Шрифт:
Интервал:
Закладка:
Выделенные курсивом слова предназначались тем, кто упрекнул бы академика в забвении ограниченности всех конституционных актов по сравнению со сталинской конституцией. Академик не забывал об идеологических установках, более того, в обосновании им отказа якобинцев от «наиболее демократической… до той поры» и перехода к «самой беспощадной» диктатуре угадывается метаморфоза с «наиболее демократической» Конституции 1936 г., за принятием которой последовал Большой террор.
Пожалуй, никто тогда не заметил, что Тарле дезавуировал (подсознательно?) сталинскую логику террора: «Наша мысль поворачивается от этого великого прецедента – Французской революции – к современному положению. Но у нас положение такое, что нашими врагами момент для повторения интервенции давно пропущен… У наших врагов нет никакой надежды сколько-нибудь повлиять на движение величайшей революции… которая у нас произошла и которая, утвердившись у нас, не подвергается влиянию со стороны, а, напротив, влияет на других (курсив мой. – А.Г.)»[769].
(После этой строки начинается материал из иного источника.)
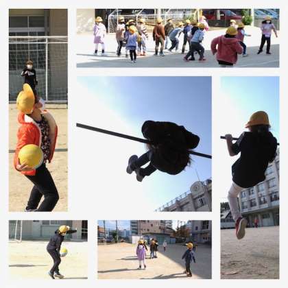 その後、高学年の子どもたちが出てきて、運動場はますます賑やかに。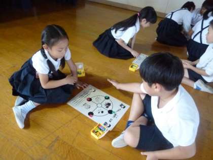 10月9日(火)に、民族講師をお招きして、2年生と5年生の課内実践の授業を行いました。5年生は校外学習鵜で行くコリアンタウンの学習を行いました。2年生は韓国・朝鮮の遊びをみんなで楽しみました。写真は2年生の実践の様子です。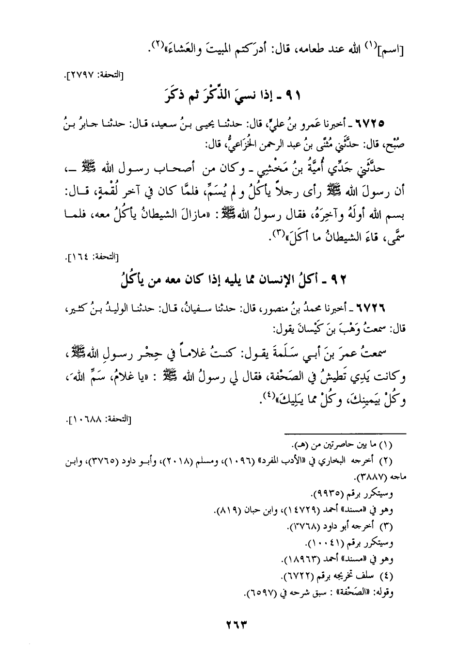 6726 - أَخْبَرَنَا مُحَمَّدُ بْنُ مَنْصُورٍ، قَالَ: حَدَّثَنَا سُفْيَانُ، قَالَ: حَدَّثَنَا الْوَلِيدُ بْنُ كَثِيرٍ، قَالَ: سَمِعْتُ وَهْبَ بْنَ كَيْسَانَ، يَقُولُ: سَمِعْتُ عُمَرَ بْنَ أَبِي سَلَمَةَ يَقُولُ: كُنْتُ غُلَامًا فِي حِجْرِ رَسُولِ اللهِ صَلَّى اللهُ عَلَيْهِ وَسَلَّمَ، وَكَانَتْ يَدِي تَطِيشُ فِي الصَّحْفَةِ، فَقَالَ لِي رَسُولُ اللهِ صَلَّى اللهُ عَلَيْهِ وَسَلَّمَ: «§يَا غُلَامُ، سَمِّ اللهَ، وَكُلْ بِيَمِينِكَ، وَكُلْ مِمَّا يَلِيكَ» خَالَفَهُ مَالِكُ بْنُ أَنَسٍ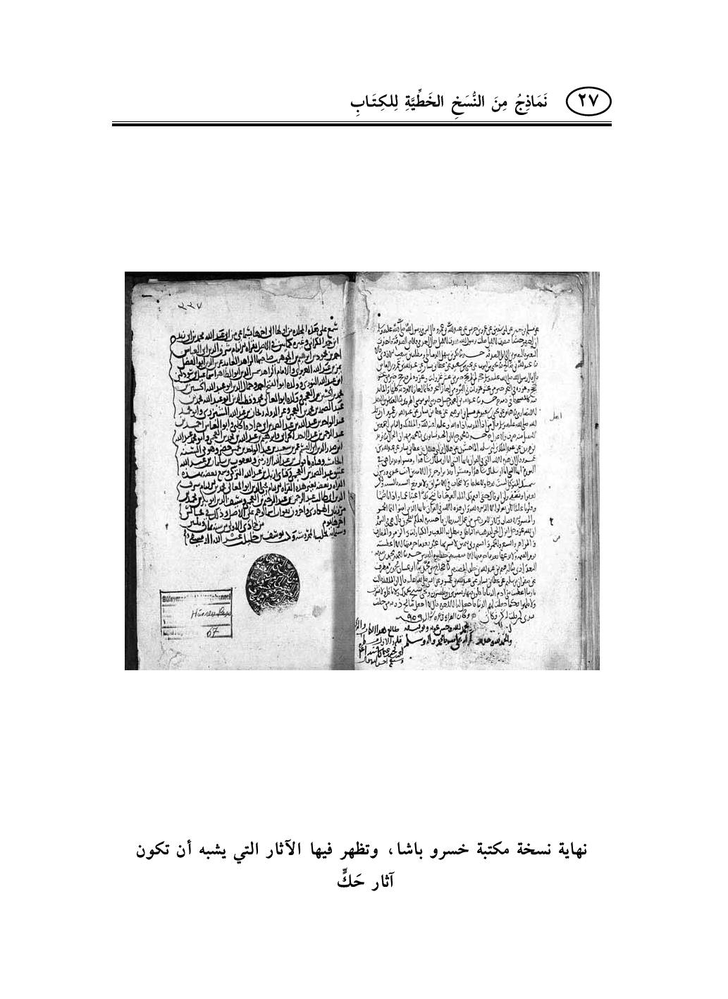 نهاية نسخة مكتبة خسرو باشا، وتظهر فيها الآثار التي يشبه أن تكون آثار حَكٍّ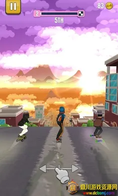 4. 卡通街机视听风格:采用3D建模并搭配高饱和度配色,角色动作夸张搞笑,碰撞瞬间表情丰富。背景音乐节奏感强烈,滑板滑行声、跳跃声效清脆,营造出轻松欢快的街机厅氛围。画面优化良好,中低端机型也能流畅运行,且不会牺牲视觉表现。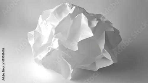 Naklejka premium Crumpled White Paper Sculpture on Soft Background Illustrating Creativity and...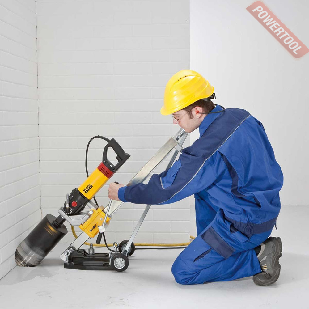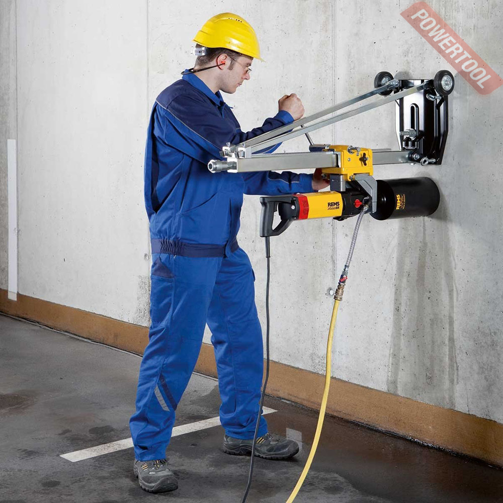Дрель алмазного бурения со стойкой REMS Picus SR Set Titan - электрический инструмент для кольцевого сверления алмазными коронками, с регулировкой скоростей. Для кольцевого сверления отверстий в бетоне, железобетоне диаметром до 162 (200) мм, кирпичной кладки и других материалов – до 250 мм. Для сухого и мокрого сверления, на весу или на стойке. Оснащена приводом с соединительной резьбой для установки алмазных коронок UNC 1 1/4 (наружной) и G 1/2 (внутренней), двухступенчатым редуктором, не требующим технического обслуживания с проскальзывающей муфтой безопасности. Универсальный двигатель мощностью 2200 Вт (220 В). Бесступенчатое электронное регулирование числа оборотов: от 250 об/мин до 500 об/мин (1 ход) либо от 600 об/мин до 1200 об/мин (2 ход). Защита от перегрева, мультифункционная электроника с мягким пуском, ограничитель числа оборотов на холостом ходу, защита от перегрузок, толчковый выключатель с фиксатором обеспечивают длительный срок службы оборудования.

Категорически не согласен с мнением, что лучшие работы Тарле были написаны до революции[770]. «Наполеон» – шедевр историко-биографической литературы, где вполне выявились и эрудиция, и мастерство, и талант автора. Не подлежит сомнению и влияние его произведения на национальное историческое сознание.
Заметим, для современников Наполеон в изображении Тарле олицетворял универсальный, наднациональный типаж мирового правителя. И, в конце концов, далеко не в последнюю очередь благодаря творчеству академика как бы «обрусел»: французский император попал на отечественный исторический пьедестал. В методологической статье, популяризировавшей положения «Краткого курса» о роли выдающихся личностей в истории, Наполеон (единственный из иноземцев) иллюстрировал эту роль в славной компании с Петром I, Кутузовым и Александром Невским[771].
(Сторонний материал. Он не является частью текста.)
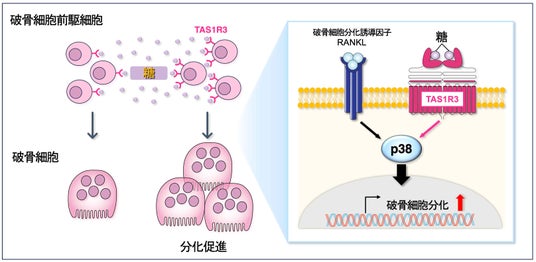 本研究により、TAS1R3は破骨細胞前駆細胞(※6)に存在し、破骨細胞の分化とともにその量が増加することがわかりました。また、TAS1R3が存在しない破骨細胞前駆細胞では、破骨細胞への分化や成熟の能力が低下する一方で、TAS1R3 を多く発現する破骨細胞では、その能力が顕著に向上しました。通常、口腔内ではTAS1R3 はTAS1R1とヘテロダイマーを形成してうま味を、TAS1R2とヘテロダイマーを形成して甘味を受容します。しかし、破骨細胞前駆細胞や破骨細胞では、TAS1R3がホモダイマーを形成して機能している可能性が高いことが、結合実験や立体構造解析によって明らかになりました。さらに、TAS1R3 に対する糖の刺激は、p38という破骨細胞の分化に必要な分子を活性化することが確認されました。p38の働きを妨げる薬剤で処理すると、TAS1R3が破骨細胞の分化を促進する現象も抑制されました。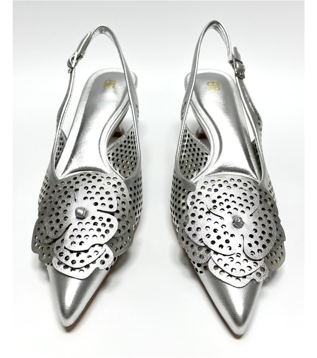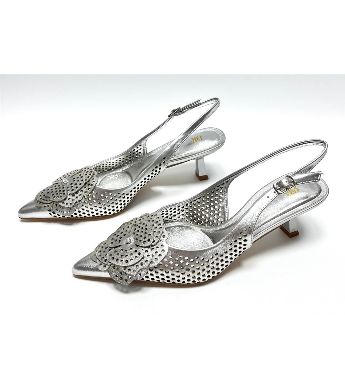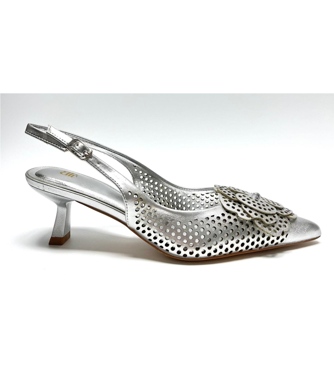 Salon de mujer de polipiel calado con decoracion de flor. Tacon 6,5cm
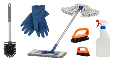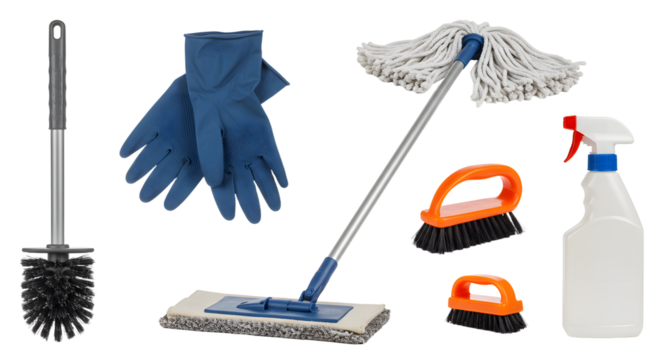 Essential Cleaning Supplies Set: Mop, Gloves, Brushes, and Spray Bottle for Effective Home Care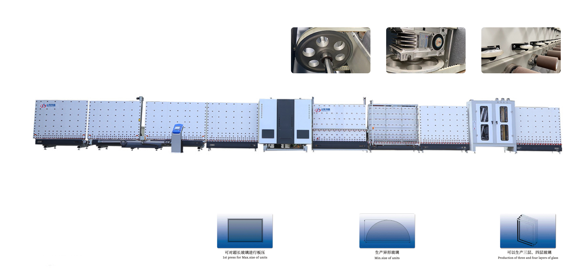 可以生產(chǎn)超長二層、三層、大小片(不等邊)幕墻中空玻璃及異型中空玻璃。

Высокого мнения о книге «Наполеон» был тот советский историк, которому выпало продолжить биографическую реконструкцию Тарле на новом этапе истории страны Советов, эволюции советского общества и не в последнюю очередь – идеологического режима. В мае, если не ошибаюсь, 1968 г., придя к Манфреду на Кутузовский проспект, я застал своего научного руководителя необычно оживленным, в приподнятом настроении. Сразу после приветствий, едва мы прошли в его кабинет, услышал: «Наконец, могу написать книгу о нем». «О Робеспьере?», – как само собой разумеющееся уточнил я. «Нет, – с явной досадой возразил А.З., – о Наполеоне». До сих пор помню свое изумление. Гораздо позднее я услышал от С.В. Оболенской, что еще в 1947 г. выпускницы МОПИ, зная о расположенности любимого профессора к Наполеону, на прощание подарили ему статуэтку императора. Тесно общаясь с Манфредом больше шести лет, я и не подозревал об этой затаенной симпатии.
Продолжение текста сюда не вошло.